### WHAT THE EXERCISE ASKS
Starting at the line that contains "Spencer lijkt dan", reproduce every line through the end of the entries below, with no pictures in the copy.

Segment Start: DATA SECTION

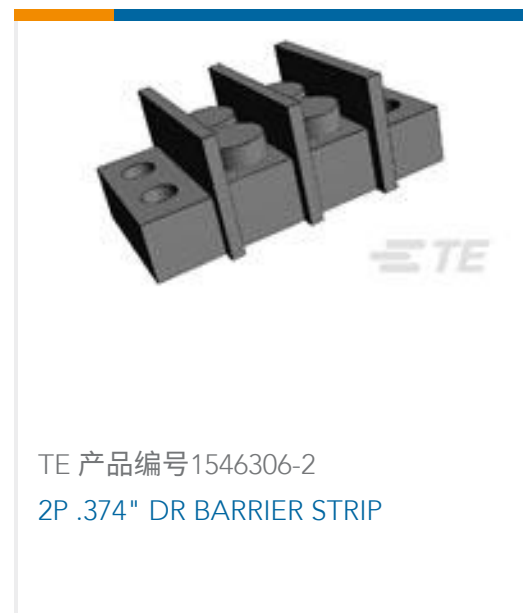
TE 产品编号1546306-2 2P .374" DR BARRIER STRIP
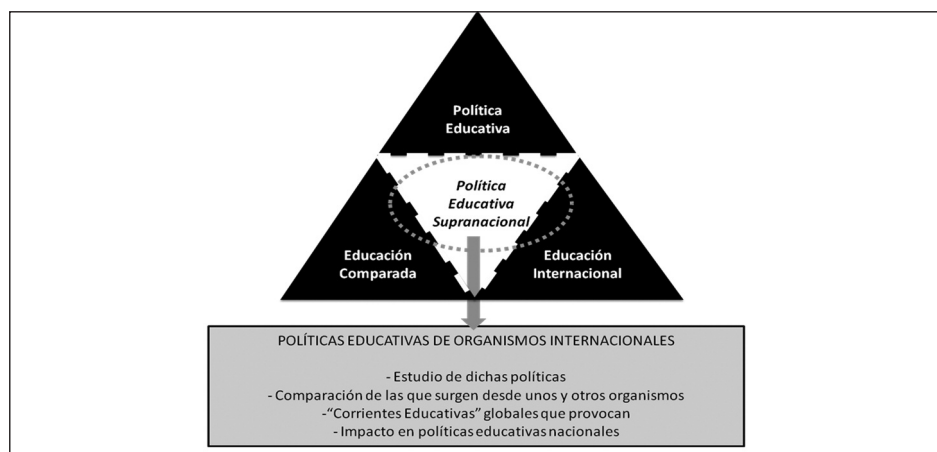
Figura 2. Objetos de estudio de la Política Educativa Supranacional
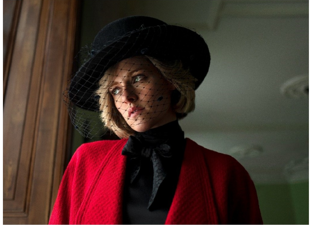
Kristen Stewart als Diana Spencer: ze verdient een Oscar.

Spencer lijkt dan ook een soort gevangenisfilm: Diana moet ontsnappen. Alleen zijn er geen tralies: ze zou er simpelweg vandoor kunnen rijden met haar Porsche. In werkelijkheid is het toch iets complexer, om nog te zwijgen van haar twee zonen, met wie ze enkele mooie momenten deelt. Het is
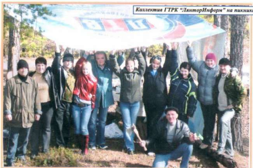
Коллектив ГТРК «ЛянторИнформ» на пикнике

Мы с радостью опубликуем фото вашего дружного коллектива на страницах нашего издания.
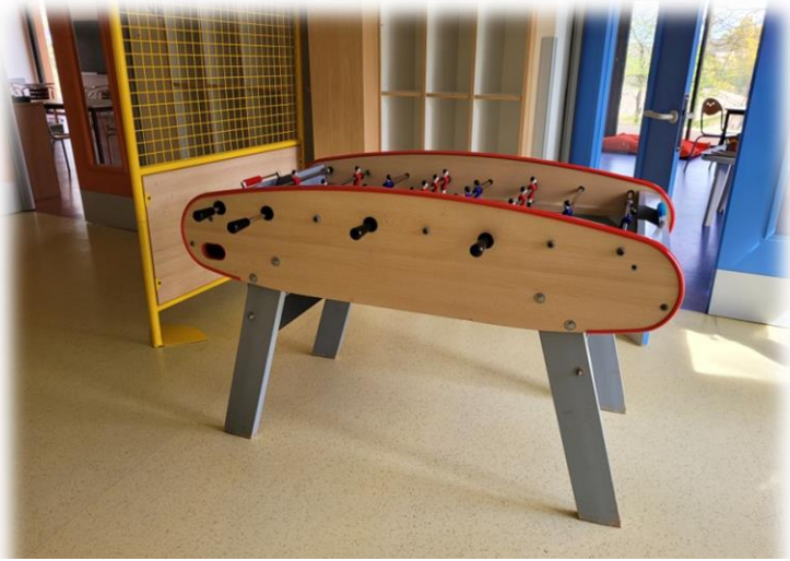
Espace de jeux

Segment End: DATA SECTION

### OUTPUT FOR THIS TASK
Spencer lijkt dan ook een soort gevangenisfilm: Diana moet ontsnappen. Alleen zijn er geen tralies: ze zou er simpelweg vandoor kunnen rijden met haar Porsche. In werkelijkheid is het toch iets complexer, om nog te zwijgen van haar twee zonen, met wie ze enkele mooie momenten deelt. Het is
Коллектив ГТРК «ЛянторИнформ» на пикнике

Мы с радостью опубликуем фото вашего дружного коллектива на страницах нашего издания.
Espace de jeux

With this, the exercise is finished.